How can the probability of each point be zero in continuous random variable? I know this is duplicated but I think the question is a bit different and needs different answer.
How can CDF be continuous and have derivative at each point that is not equal to zero but the probability at each point is zero? 
Why not say for example if you want to choose a real number between 0 and 1 that the probablity is 1/N? Where this is just infinitesimal. (Just an example to describe the situation.)
It can neither be finite nor zero
The difference is: Why not assign it an infinitesimal instead of zero and to say that an event with P = 0 can happen?
 A: A guess at your point of confusion:
Zero probability does not mean an event cannot occur! It means the probability measure gives the event (a set of outcomes) a measure zero.
As @Aksakai's answer points out, the union of an infinite number of zero width points can form a positive width line segment and similarly, the union of an infinite number of zero probability events can form a positive probability event.
More explanation:


*

*Our intuition from discrete probability is that if an outcome has zero probability, then the outcome is impossible. If the probability of drawing the ace of spades from a deck is equal to zero, it means that ace of spades is not in the deck!

*With continuous random variables (or more generally, an infinite number of possible outcomes) that intuition is flawed.


*

*Probability measure zero events can happen. Measure one events need not
happen. If an event has probability measure 1, you say that it occurs almost surely. Notice the critical word almost! It doesn't happen surely.

*If you want to say an event is impossible, you may say it is "outside the support." What's inside and outside the support is a big distinction.

*Loosely, an infinite sum of measure zero events can add up to something positive. You need an infinite sum though. Each point on a line segment has zero width, but collectively, they have positive width.


A: It's really not a statistics question. It's a real analysis question. For instance, it's almost the same as asking "what's the width of a point in line?" (the answer is zero, by the way)
This is an interesting situation though. In mathematics the line is defined as a set of points. There are certain geometric constraints on the points, so that they form a line and not a circle, for instance. However, that's not what's important.
What's important is this. If the width of each point is zero, and the line is a set of points, how come the sum of widths of all its points is NOT zero? You add two zeros and it gives you a zero. If I keep adding this way shouldn't the length of a line be zero? Apparently, not! 
This is the same question you're asking. How is it that each point's probability is zero, yet the total probability is one? The reason why is this question the same is because probabilities are intimately linked to the concept of the length of a line between two points. The central concept of the modern probability theory is the concept of a measure. Unsurprisingly, it has its roots in the simplest of all measures: the length in geometry.
If you want a shortcut in understanding this bind boggling stuff then look up the concept of countable and uncountable sets.

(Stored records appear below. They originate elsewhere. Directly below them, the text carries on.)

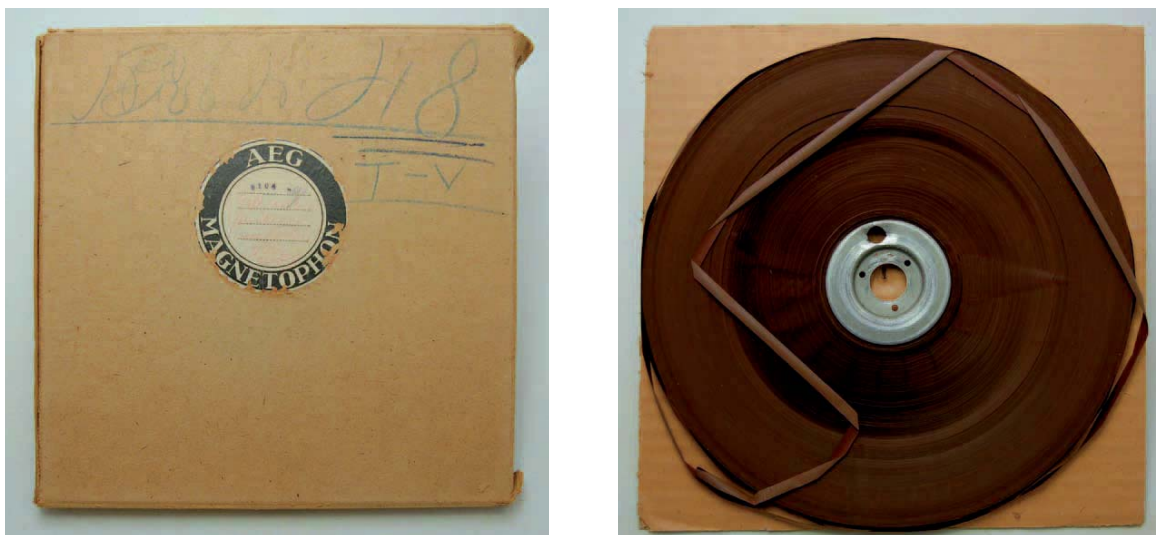
Abb. 2 (linke Seite) und 3 (rechte Seite): Typisches Band der Sammlung Armando Leça. Links die Tonbandschachtel und rechts das Tonband im Originalzustand (Schäden durch Vinegar-Syndrom und Versprödung sind bereits sichtbar).

Diese frühen Tonbänder waren qualitativ noch nicht sehr hochwertig; Schwachstellen betrafen die ungleichmäßige Beschichtung, mangelhafte Aussteuerbarkeit sowie eingeschränkte elektromagnetische und mechanische Eigenschaften. Dies äußert sich in der Signalqualität durch Rauschen, Verzerrungen und inhomogenes Verhalten über den Bandquerschnitt.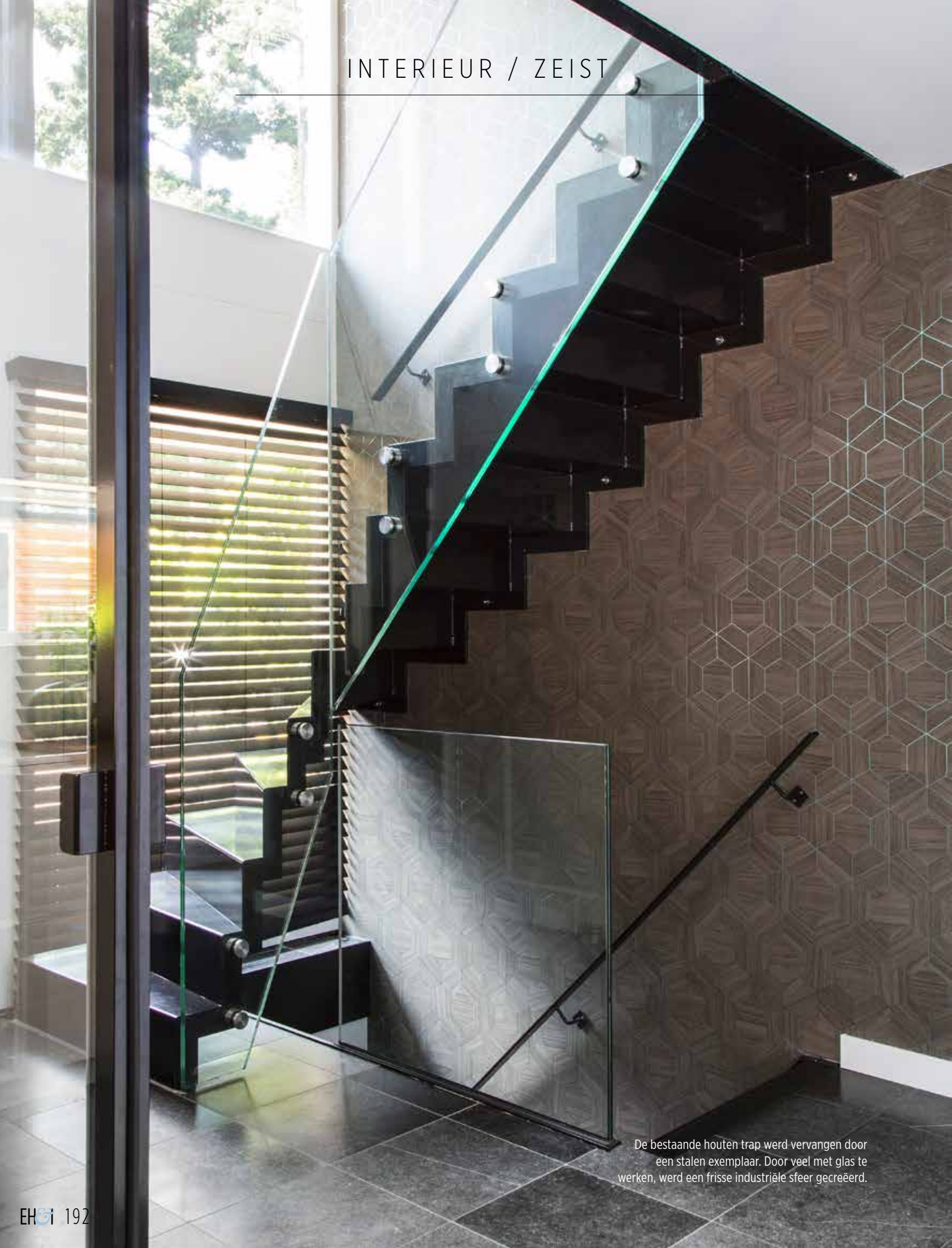
De bestaande houten trap werd vervangen door een stalen exemplaar. Door veel met glas te werken, werd een frisse industriële sfeer gecreëerd.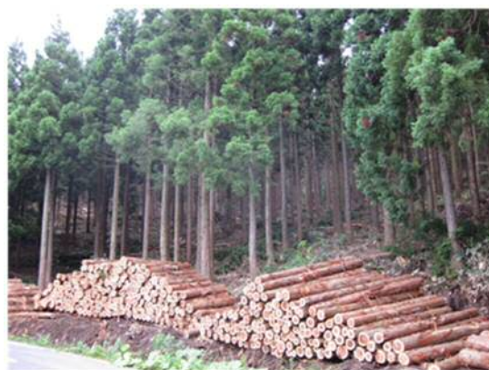
【階上町の契約地における利用間伐】

また、集材距離を短くするための路網整備や、作業の低コスト化が可能な性能の高い林業機械を導入し木材販売収益の向上を併せて進めます。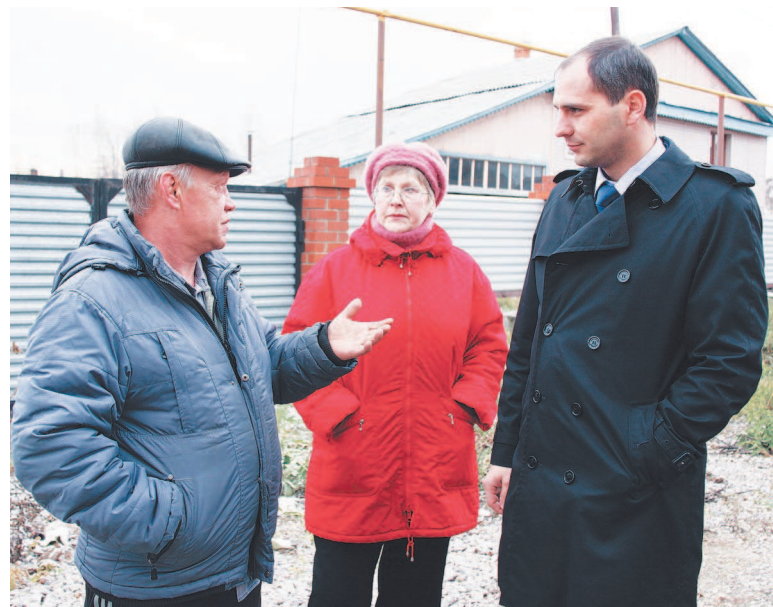
На встрече с жителями в частном секторе.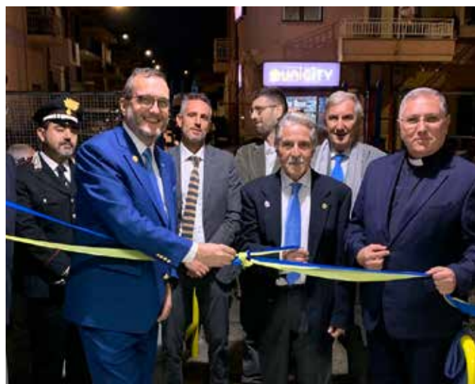
Ribera, inaugurazione centro assistenza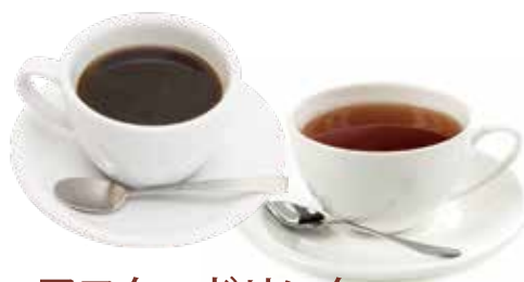
アフタードリンク コーヒー or 紅茶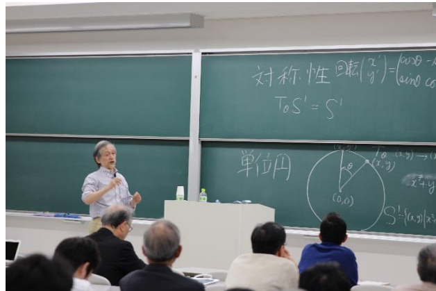
三輪先生による講演

その後、理学研究科セミナーハウスにおいて、理学研究科基金奨学金受給者によるポスター発表と茶話会を開き、後援者の皆様と交流を図りました。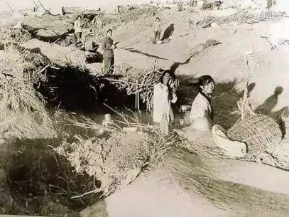
▲八千湘女进疆之初,就住在这样的地窝子里,结婚成家,生儿育女。

持一种灵活性,将弱音清晰地传达到听者心灵;异常出色的连音技巧又使她具有随心所欲地支撑音乐幅度、拉出连绵悠长的旋律线的能力。人们用耳朵可以 看 见这首歌中湘女的形象,用眼睛可以 听 见湘女的故事。最后男歌手以高音切入,极致地营造出荡气回肠的苍凉感。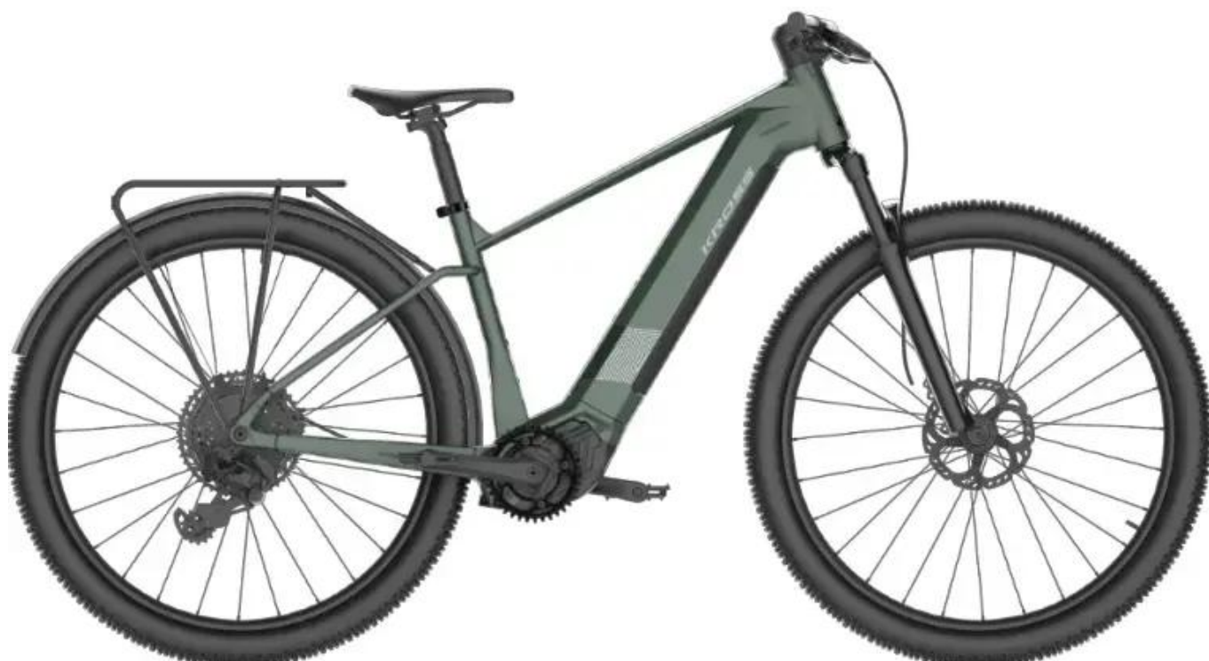
Grafika przedprodukcyjna - niebawem uzupełnimy opis o zdjęcia studyjne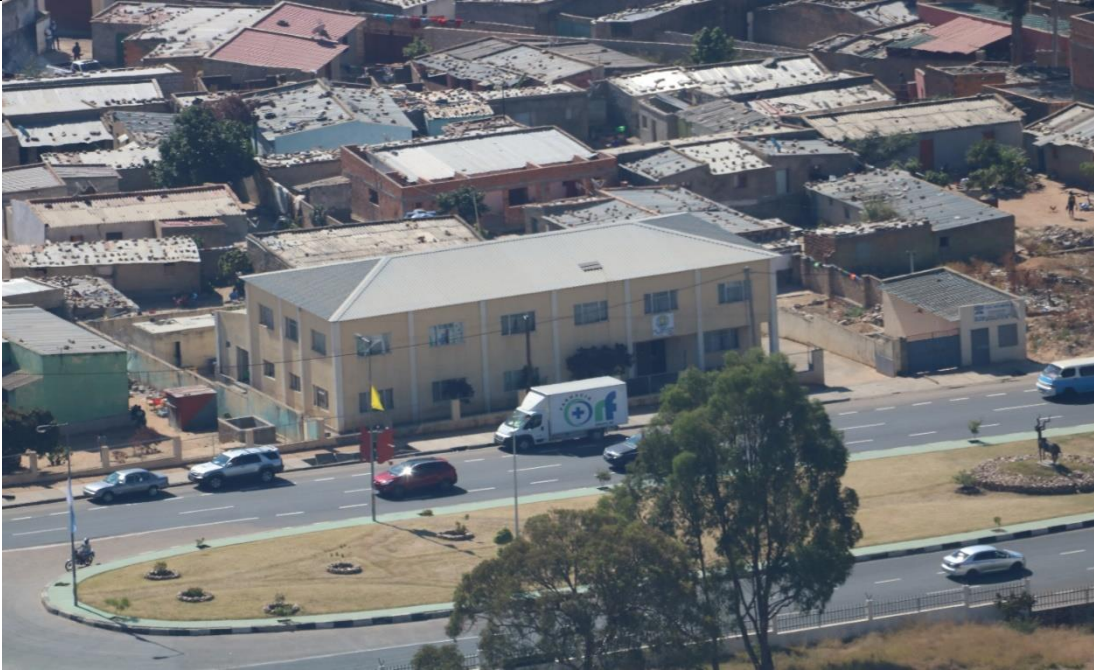
IELA:n pääkonttori Lubangon kuuluisan Kristus-patsaan luota katsottuna.

Onneksemme ennätimme myös vieraillla Lubangon nähtävyyksillä: Kristus-patsaalla ja Serra da Leballa sekä ihmettelemässä Tundavalan rotkoa. Alla muutama kuva kaupungin nähtävyyksistä.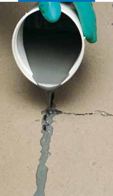
Reparación de grieta en recreado cementoso con Eporip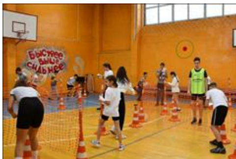
Лабиринт Крещенский лабиринт 18.01.2020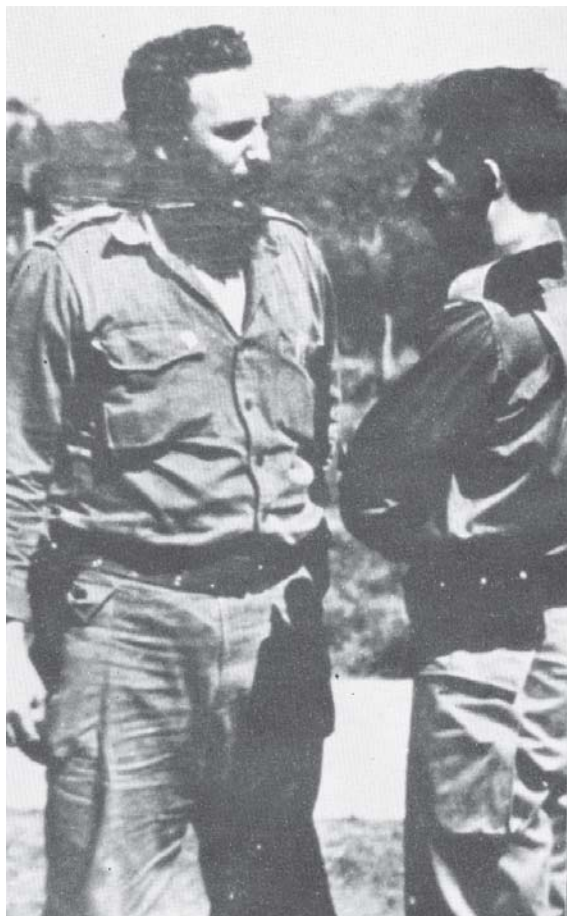
Junto a Fidel en Baracoa, en los primeros meses de la Revolución.

Insuficientes son unas pocas líneas para resumir, en su 90 cumpleaños, los incontables momentos de Raúl en esta tierra singular y heroica, y la impronta de su legado en los guantanameros.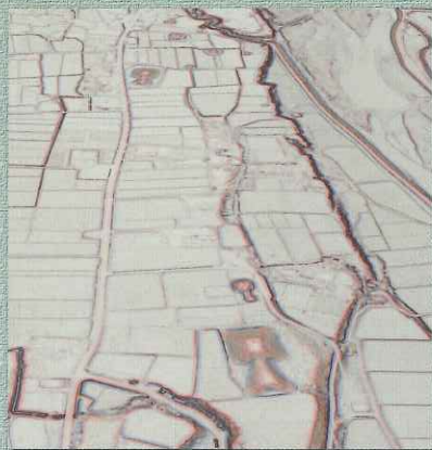
赤色立体図（侍塚古墳群）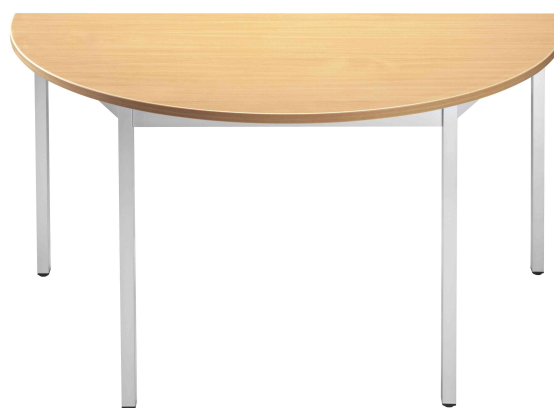
Visuel de référence: Table de réunion modulaire, demi-rond, hêtre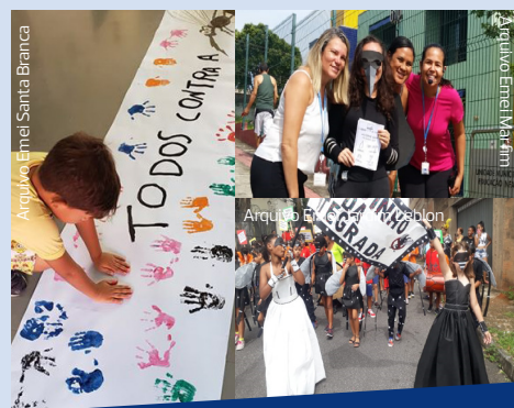
As Emeis Marfim e Santa Branca e a Emef Jardim Leblon foram algumas das unidades que desenvolveram campanhas contra o mosquito aedes aegypti

arredores da unidade com fantasias e cartazes que alertavam para a importância do combate ao mosquito. A equipe da Inova BH também tem feito sua parte, cuidando da limpeza interna e externa das unidades escolares para que o aedes aegypti não tenha chances nas nossas escolas!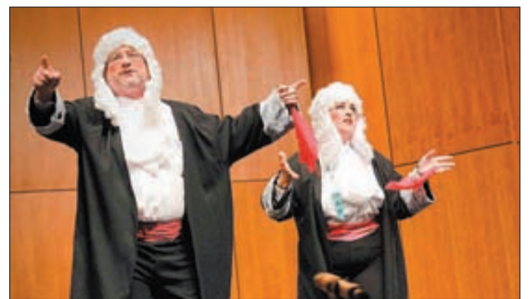
Un momento de la actuación de 'Los Picapleitos'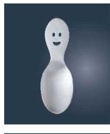
㉜21-0 ニコ ティーサーバー

●21-0ステンレス品が無くなり次第(下2ケタ 10コード)18-8ステンレス品に変更になります。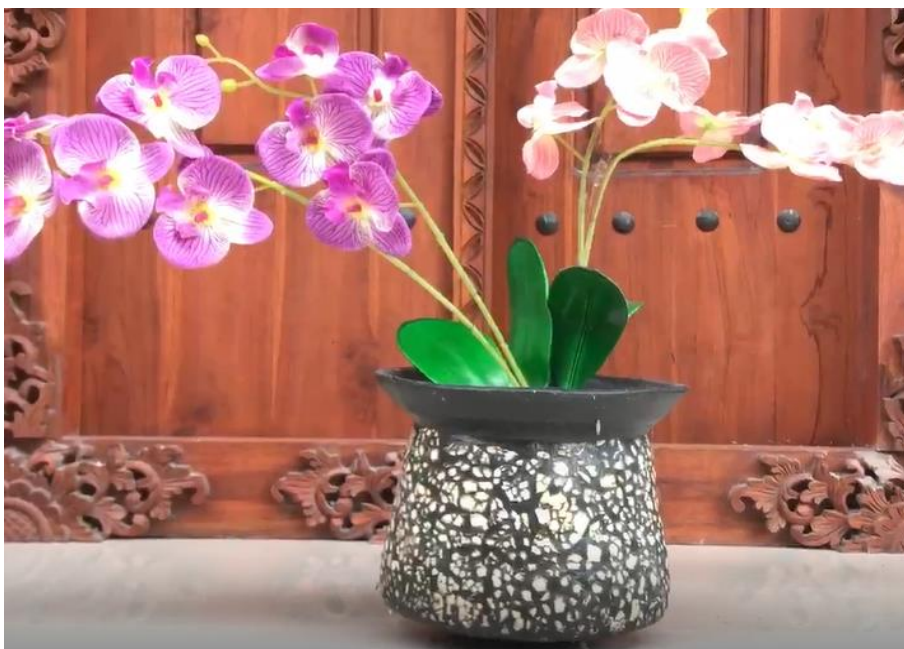
Gambar 7. Hasil Modifikasi Gerabah Menggunakan Cangkang Telur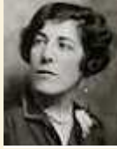
Edna Ferber en Noel Coward

Die skryfster het met 'n pak klere by 'n funksie opgedaag. Coward: "Jy lyk amper soos 'n man."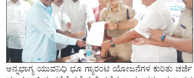
ಅನುಭಾಗ್ಯ ಯುವನಿಧಿ ಭೂ ಗ್ಯಾರಂಟಿ ಯೋಜನೆಗಳ ಕುರಿತು ಚರ್ಚೆ ಮಾಡಲಾಯಿತು ಕಳೆದ ಸಭೆಯಲ್ಲಿ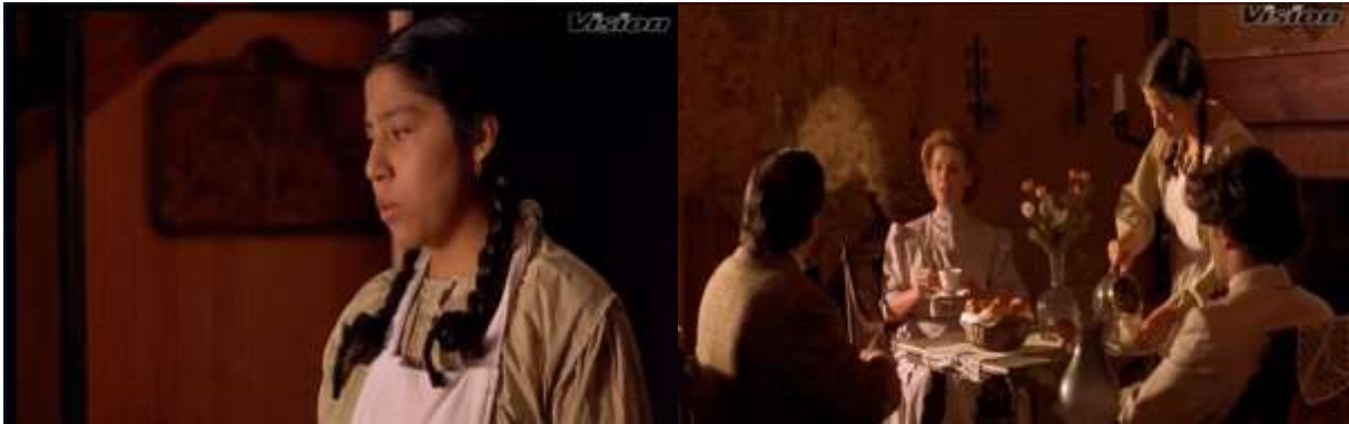
Fotograma 1. Primer plano, plano medio corto y plano medio. (Arau, 1992, 8'44")

Referente a la puesta en serie, se utilizan algunos nexos como record en donde se corta una escena para pasar a otra.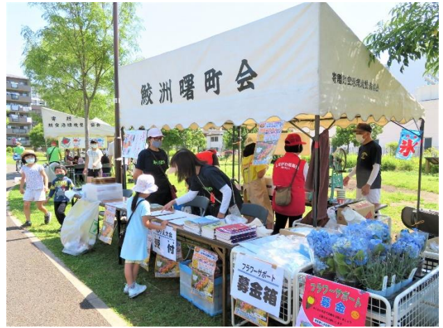
受付には次々とぬり絵希望者が来場

ぬり絵は、先週来場者にロコミ参加者が加わり 170 枚近くになりました。途中で用紙が不足し追加コピーし、最終的に 170 枚位、完成し、景品と交換しました。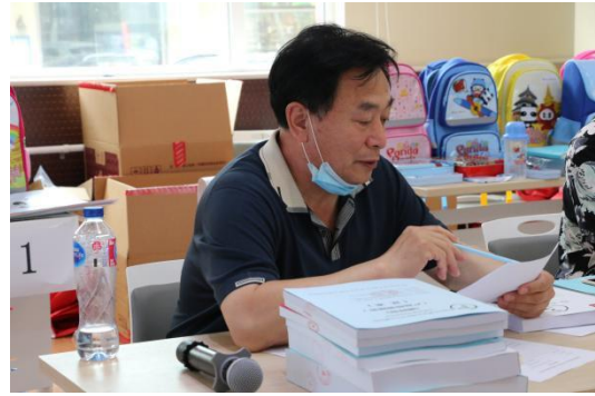
评审专家组成员审定标书及查看样包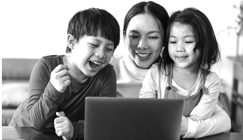
● Phụ huynh cần dành thời gian để cùng con khám phá thế giới giải trí trực tuyến. (Ảnh minh họa)

Theo các chuyên gia tâm lý, để bảo trẻ phải từ bỏ mạng xã hội là điều không thực tế với xu thế của đời sống ngày nay. Thay vào đó, phụ huynh cần phát huy vai trò định hướng, là “bộ lọc” cho con mình, đặc biệt với thực trạng các sản phẩm giải trí độc hại núp bóng “dành cho trẻ em” đang xuất hiện nhan nhản.

Note the difference between infinite countable sets and uncountable sets. Both have infinite number of points in them, yet the latter has more points in it (totally crazy!). So discrete and continuous random variables (and their distributions) are related to these two kinds of sets.
UPDATE
Example: In English there are countable and uncountable nouns such as apple vs. milk. I could ask you how much does an apple weigh? And you could say that it's half a pound in this batch. However, if I asked how much does milk weigh, it wouldn't make a sense without specifying an amount such as a pint or a quart.
In this regard the discrete random variables and their probabilities are like apples and their weights. You could say that the probability of Poisson variable 1 is 10%, for instance.
The continuous random variables are like milk. It's pointless asking what's the probability of a given value, you need to specify the bucket. Say, for a standard normal (Gaussian) variables you could ask what's the probability that their values are between 0 and 1, and the answer would be something like 34%. However, the probability of 1 is pretty much meaningless in practical sense. You can calculate the density at $x=1$ but what are you going to do with it? It's not the probability. In the same way if you're interested in the weight of milk the density of milk is not an answer, you need to specify the container size then we can tell you the weight using its density. That's why probability density function is actually called density, it originates from densities of bodies.
A: I think it is helpful to imagine the area under the point. The probability for a continuous distribution is the integral of the PDF from (a,b). If you pick a single point (a,a) is there any area? Imagine a simple PDF like the uniform distribution do the math.
PS No, but if you ask enough mathematicians 1/20 will say yes. However, I'll accept the null with an $\alpha$ of 5%.